[[ Data, beginning ]]

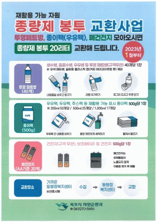 ȯ°æ¿À¿°À» ¿¹¹æÇϰí, ÀÚ¿ø³¶ºñ¸¦ ÁÙÀ̱â À§ÇØ ½ÃÇàÇÏ´Â À̹ø »ç¾÷Àº Æó°ÇÀüÁö¡¤Á¾ÀÌÆÑ¡¤Åõ¸íÆäÆ®º´À» ÀÏÁ¤·® ¸ð¾Æ µ¿ÇàÁ¤º¹Áö¼¾Å͸¦ ¹æ¹®Çϸé Àç»ç¿ë Á¾·®Á¦ºÀÅõ·Î ±³È¯¹ÞÀ» ¼ö ÀÖ´Ù.
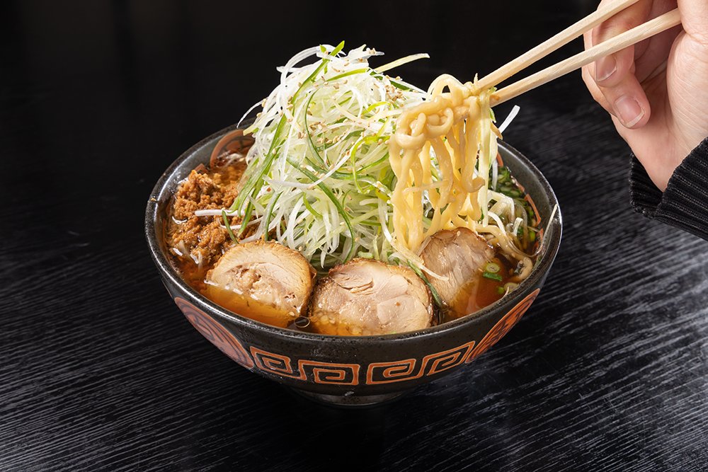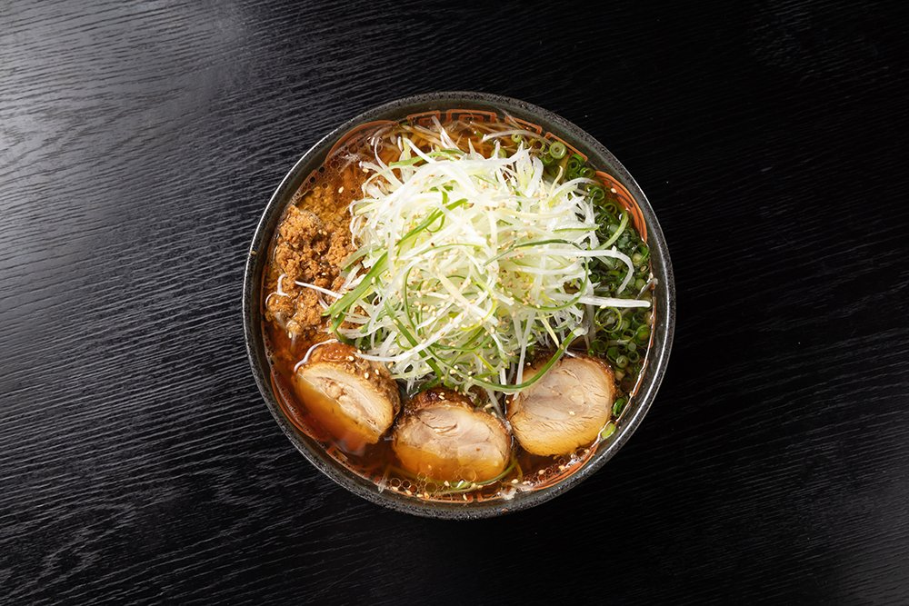 4種類の節類でとったかえしに鶏だしを加えた逸品。麺・スープ・具材にこだわった自慢の一杯。最後にご飯を入れて食べるのが麺辰流。
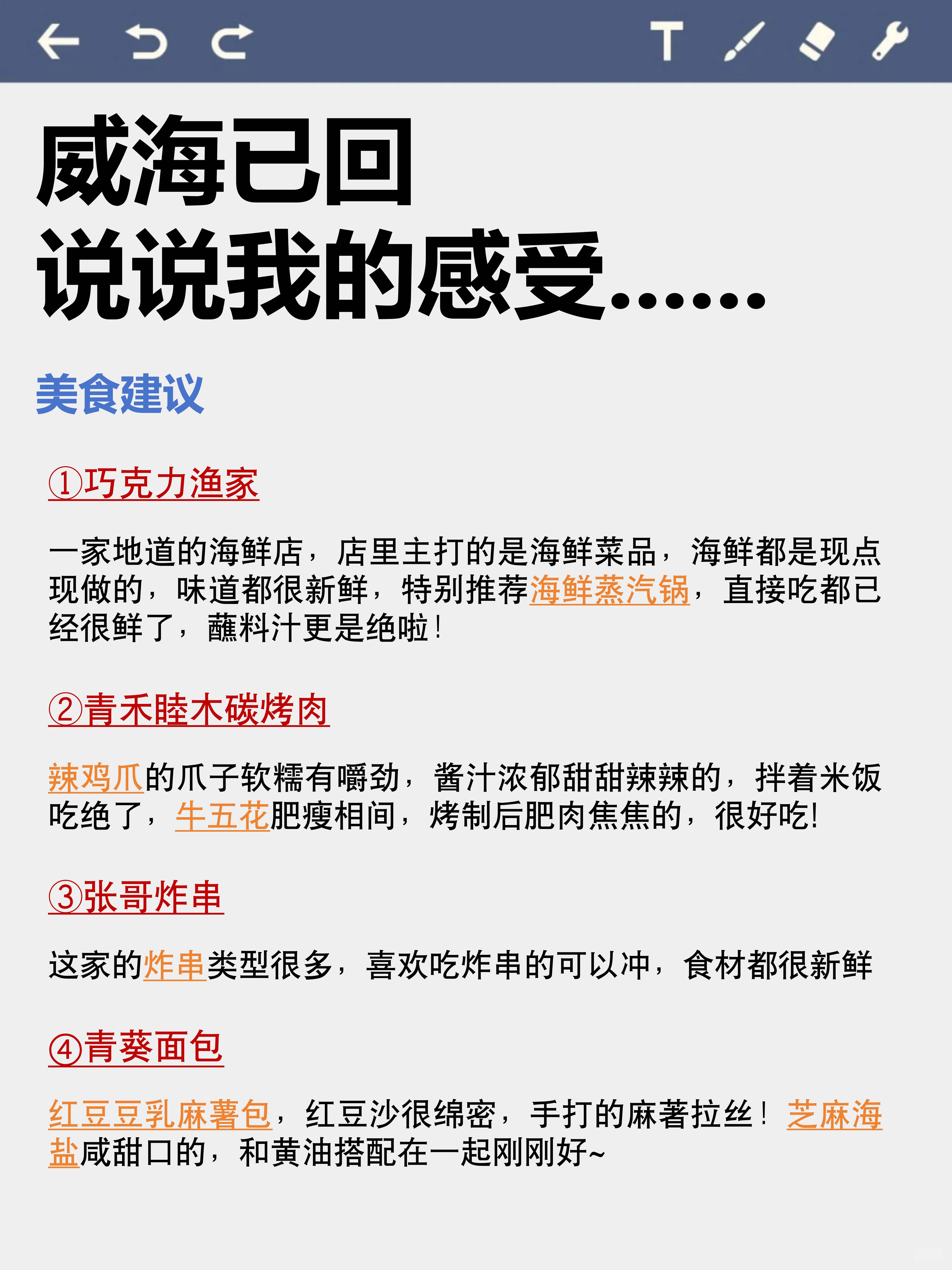 😋关于威海的美食:①巧克力渔家、②青禾睦木碳烤肉、③张哥炸串、④青葵面包

[[ Data, end ]]

### Task details
A verbatim copy is needed of the lines running from the line with "4種類の節類でとったかえしに" to the end of the data above, both included. Keep the pictures out of it.

### Response to this exercise
 4種類の節類でとったかえしに鶏だしを加えた逸品。麺・スープ・具材にこだわった自慢の一杯。最後にご飯を入れて食べるのが麺辰流。
 😋关于威海的美食:①巧克力渔家、②青禾睦木碳烤肉、③张哥炸串、④青葵面包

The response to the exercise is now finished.